According to this documentation ( http://java.sun.com/docs/books/jls/third_edition/html/lexical.html , 3.10.6) an OctalEscape will be converted to an unicode character. Now I have the problem, that the following code will result in a 2 byte Unicode character with wrong informations.
for (byte b : "\222".getBytes()) {
System.out.format("%02x ", b);
}
The result is "c2 92". I was expacting only "92", because this would be the converted value from 222 octal to hex (92). If I test this with a character, the byte informations are correct.
System.out.format("%02x ", (byte)'\222');
The result is "92" for one byte" My default encoding is "UTF-8" on Linux with Java/c 1.6.0_18.

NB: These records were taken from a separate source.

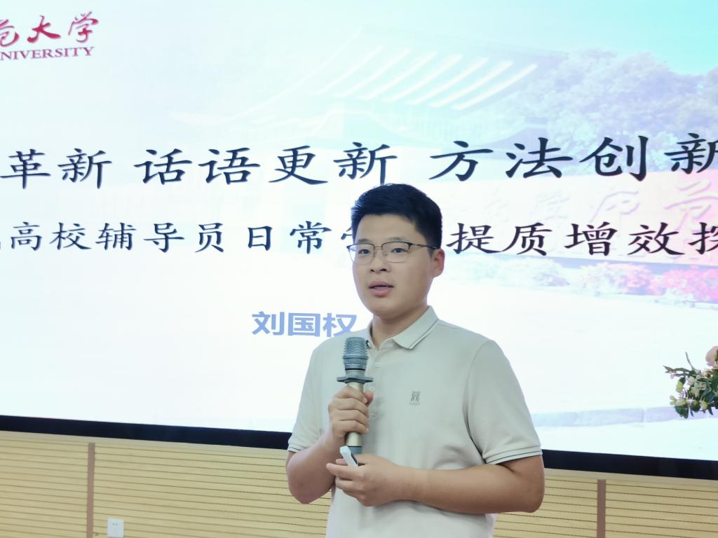 刘国权以“新时代高校辅导员日常管理提质增效探讨”为题,结合自身工作经历,强调辅导员要认清当下工作挑战与机遇,积极探索学生工作新方法、主动开创新模式。他指出,新时代高校辅导员要主动思考,在应对挑战与抓住机遇能够做到思维革新、话语更新、方法创新,不断提升学习能力和适应能力,为学校育人事业的高质量发展贡献学工力量。刘老师授课真诚有力,给36365官网辅导员指明了个人成长和提高的方向,坚定了职业信念,增强了主动工作意识,传授了丰富的工作经验,有效地推动36365官网辅导员队伍职业化、专家化建设。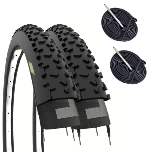 26 x 2.10 Mountain Bike Tyres Pair: Replacement Bike Tires 60 TPI 27.5 x 1.95/2.1/2.25, 29 x 2.1/2.25 Inch Compatible with MTB or Off Road Bicycle Pack of 2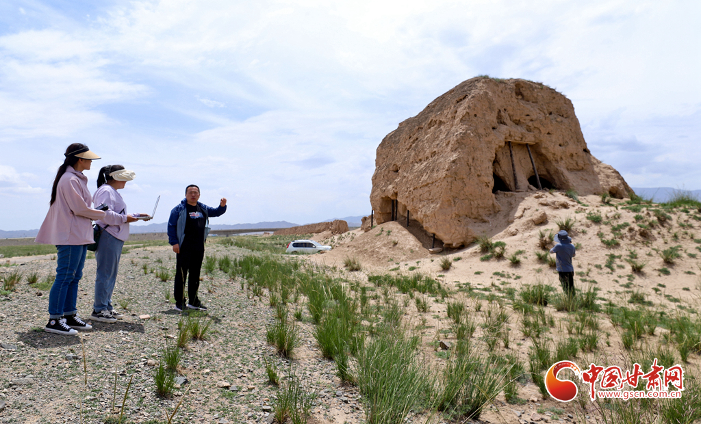 6月27日,甘肅省張掖市山丹縣漢明長(zhǎng)城保護(hù)研究中心工作人員正在峽口古城段進(jìn)行現(xiàn)場(chǎng)勘察和數(shù)據(jù)采集。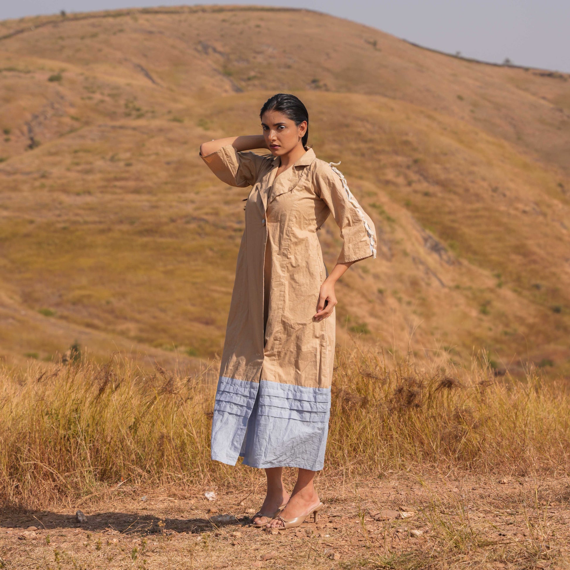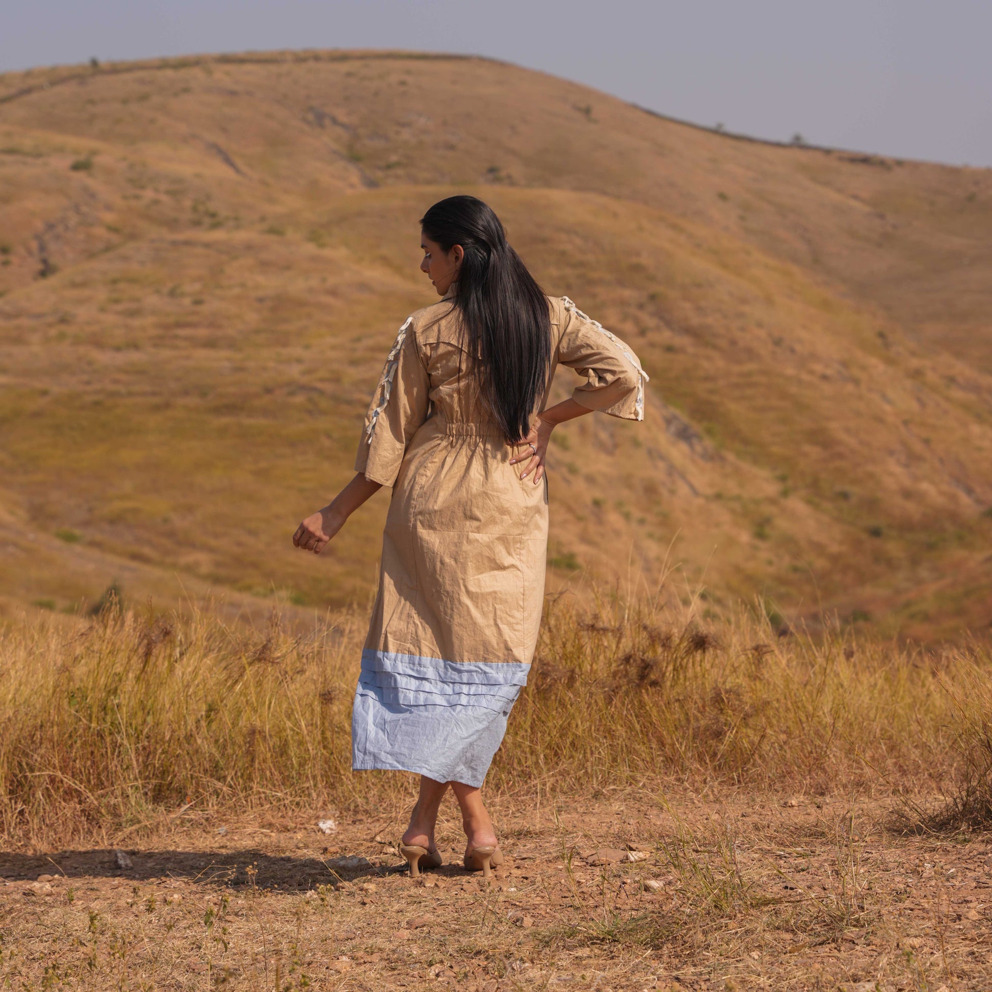 Intricate shoulder-to-sleeve lace detailing adds a touch of femininity and grace, while embroidered buttons along the neckline offer a polished finish. A standout feature of this dress is the tassel detailing on the back yoke line, adding whimsical charm and a unique focal point to the ensemble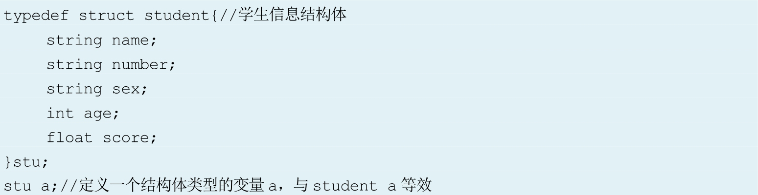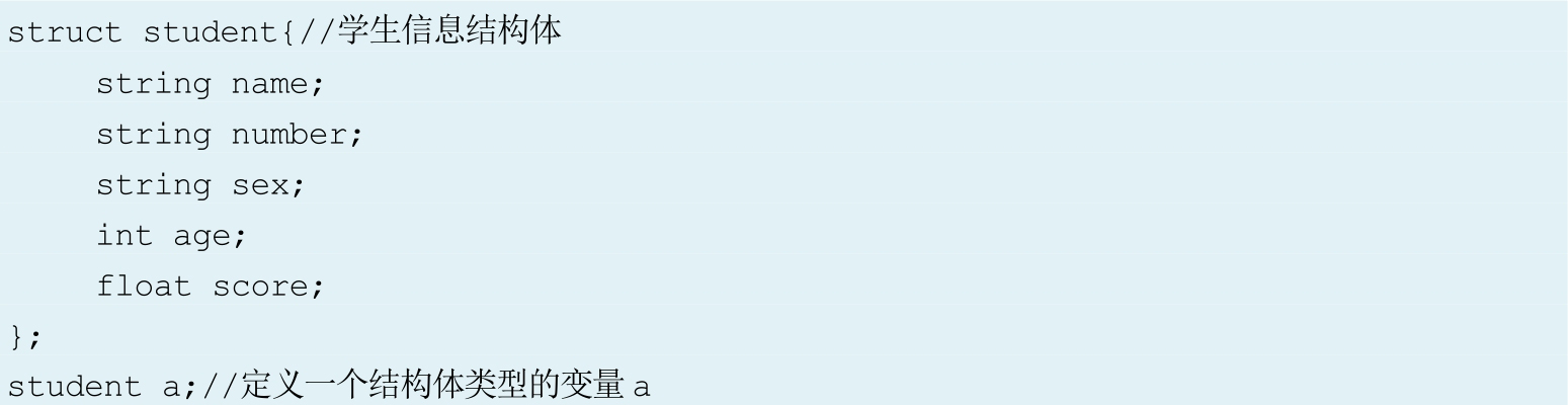 在程序设计过程中,经常需要将多个数据项组合在一起作为一个数据元素。例如,一个学生的信息包括姓名、学号、性别、年龄、分数等。此时可以将学生的信息定义为结构体类型。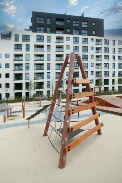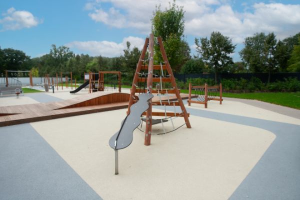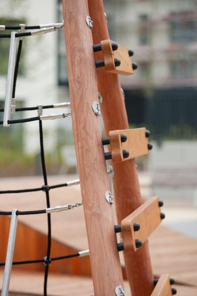 "Tipi I" dient insbesondere zur Entwicklung der motorischen Leistungsfähigkeit und der Koordination von Kindern. Das Outdoor-Klettergerüst beinhaltet eine Leiter mit hohem Neigungswinkel, ein Kletternetz und einen schrägen Kletteraufstieg mit Seil. Da die Gesamthöhe der Konstruktion 310 cm beträgt, ist der Fallschutz erforderlich.

The background of my question is, that I'm looking for a method to convert an octal escaped string from the input encoding Cp1252 to UTF-8. This fails because of the conversion of an octal escaped string to 2 bytes. Does somebody know why there is always an extra byte "c2" been added to the char array? A simple count shows, that there is only one character in the array.
System.out.println("\222".toCharArray().length); // will result in "1"
Thank you for your hints.
Update: As BalusC mentioned the octal escaped value is interpreted as UTF-8 value, which yield the problem. As long as this value is saved in the source code (UTF-8) I have no possibility to read in this string with an other encoding. I'm right? If I read an Cp1252 encoded file, I have to declare the charset of the InputReader with the correct charset and do an encoding to UTF-8 to process and save the read content as UTF-8.